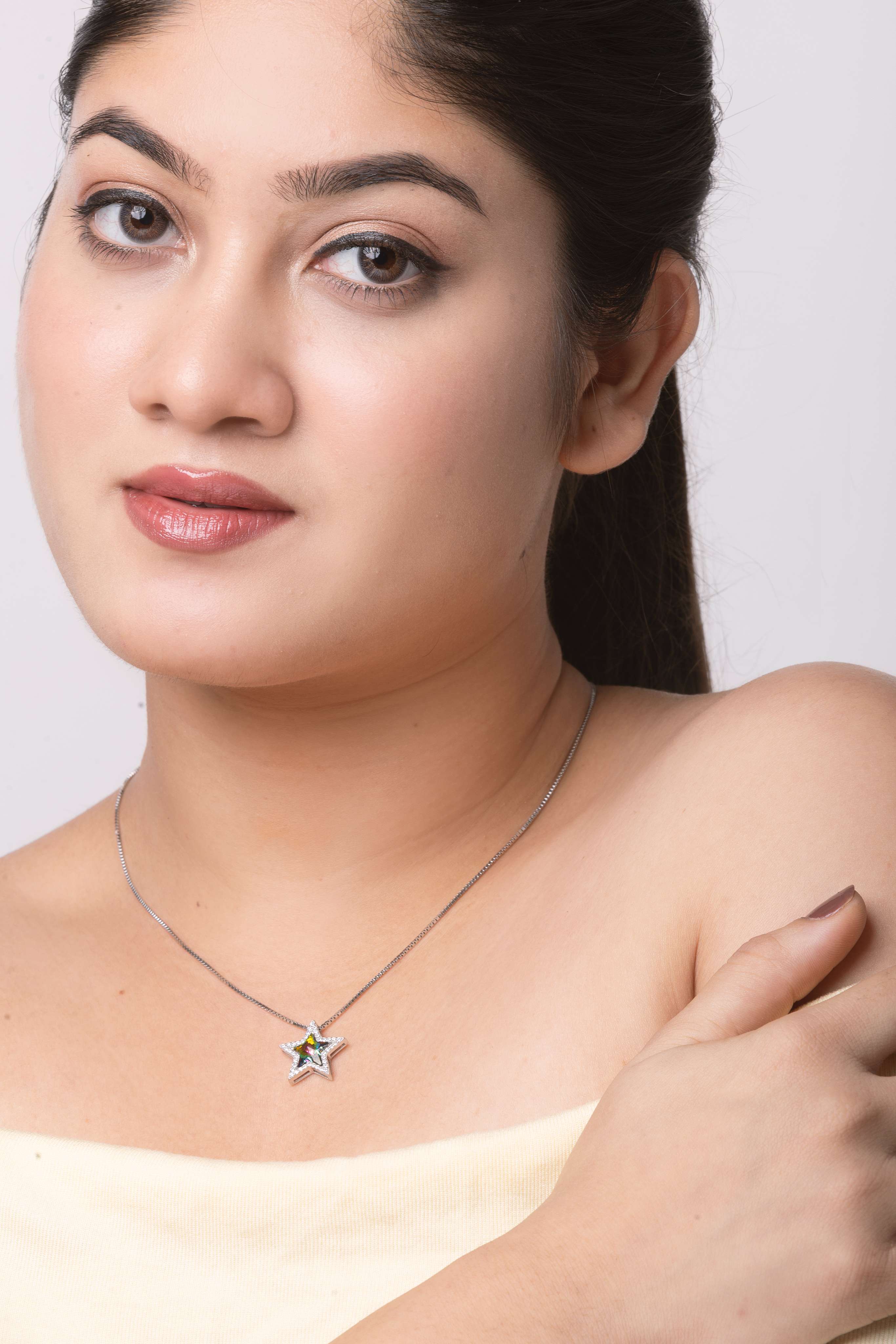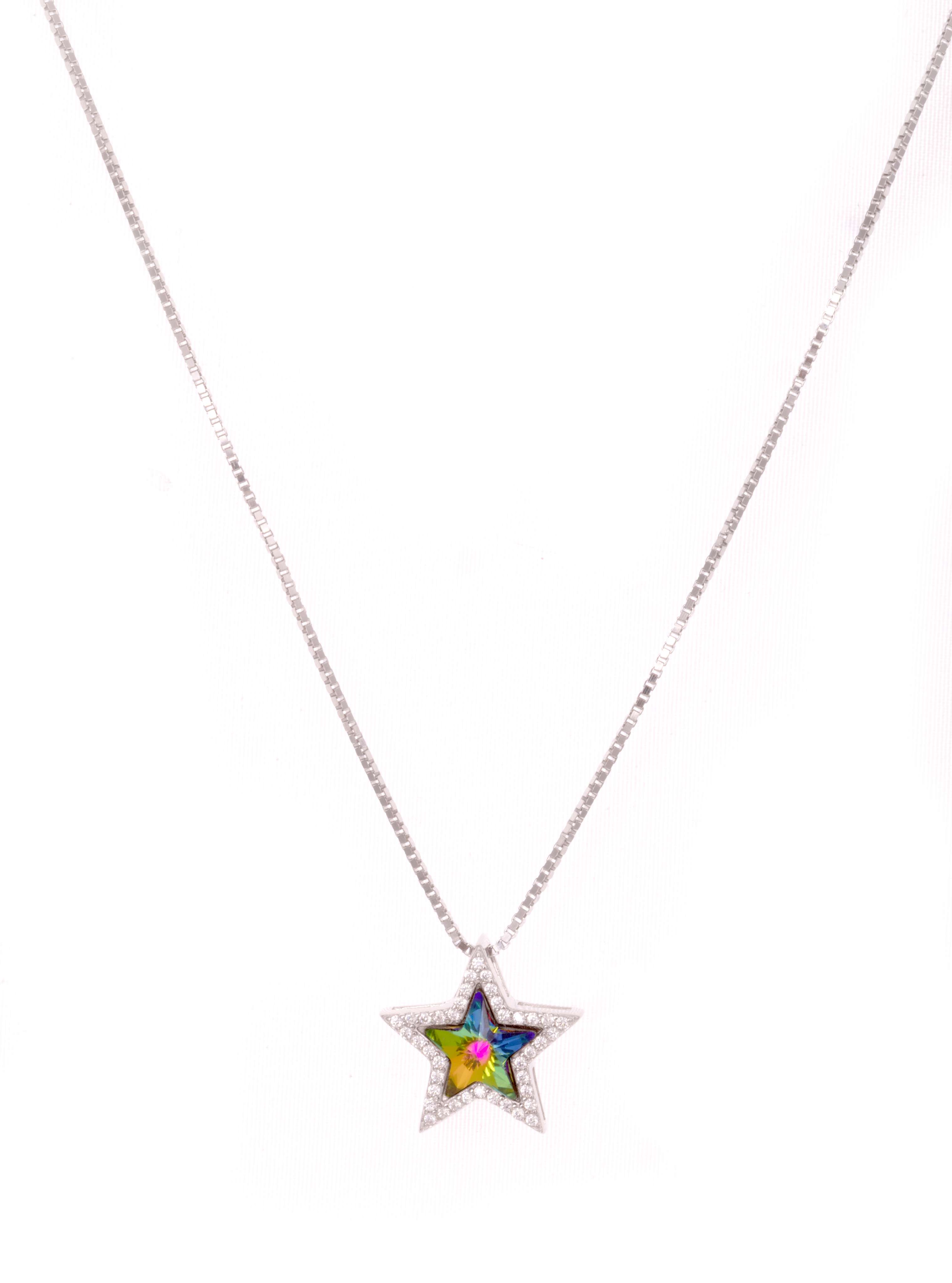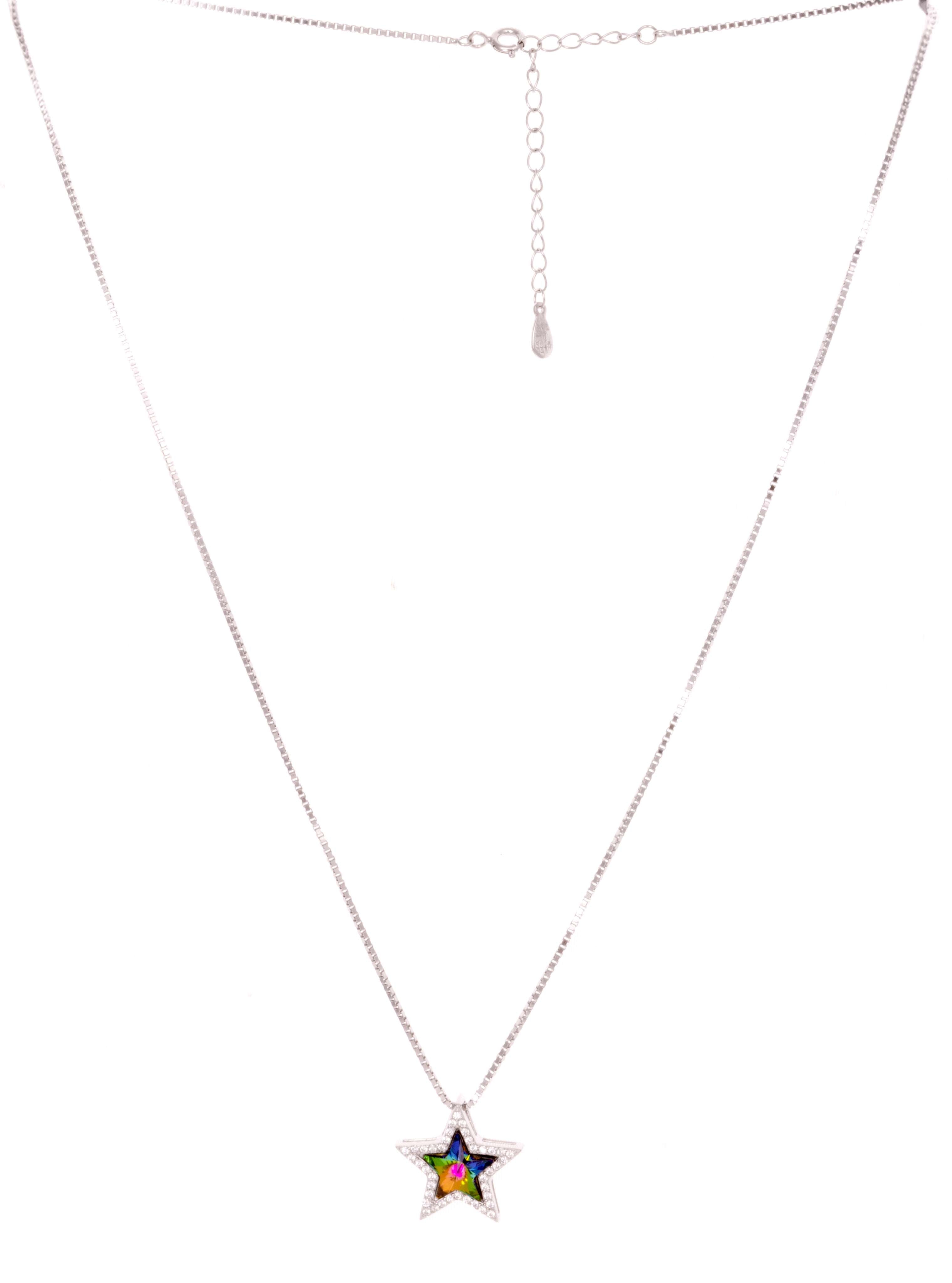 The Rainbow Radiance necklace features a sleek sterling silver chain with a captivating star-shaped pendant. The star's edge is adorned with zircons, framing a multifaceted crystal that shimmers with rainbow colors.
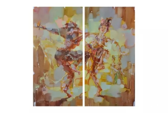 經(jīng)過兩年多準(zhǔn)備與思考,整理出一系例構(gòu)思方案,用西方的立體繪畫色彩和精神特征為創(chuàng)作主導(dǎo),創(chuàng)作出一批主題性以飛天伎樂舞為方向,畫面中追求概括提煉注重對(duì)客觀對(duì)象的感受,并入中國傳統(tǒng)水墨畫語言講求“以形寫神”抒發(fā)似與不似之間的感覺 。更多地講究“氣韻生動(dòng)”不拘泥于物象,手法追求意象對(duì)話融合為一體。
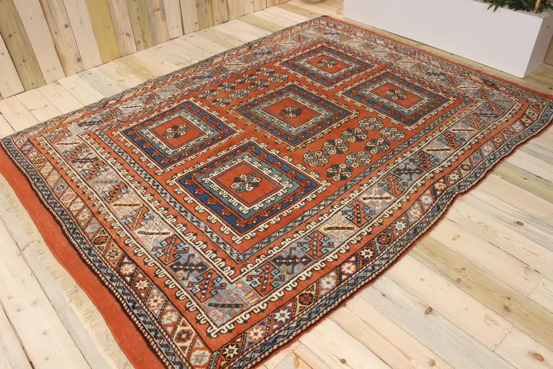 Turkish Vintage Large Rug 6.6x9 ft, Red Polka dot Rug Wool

Work to be completed: Repeat the listing in full and exactly. Do not include any images.

Your solution:
 The Rainbow Radiance necklace features a sleek sterling silver chain with a captivating star-shaped pendant. The star's edge is adorned with zircons, framing a multifaceted crystal that shimmers with rainbow colors.
 經(jīng)過兩年多準(zhǔn)備與思考,整理出一系例構(gòu)思方案,用西方的立體繪畫色彩和精神特征為創(chuàng)作主導(dǎo),創(chuàng)作出一批主題性以飛天伎樂舞為方向,畫面中追求概括提煉注重對(duì)客觀對(duì)象的感受,并入中國傳統(tǒng)水墨畫語言講求“以形寫神”抒發(fā)似與不似之間的感覺 。更多地講究“氣韻生動(dòng)”不拘泥于物象,手法追求意象對(duì)話融合為一體。
 Turkish Vintage Large Rug 6.6x9 ft, Red Polka dot Rug Wool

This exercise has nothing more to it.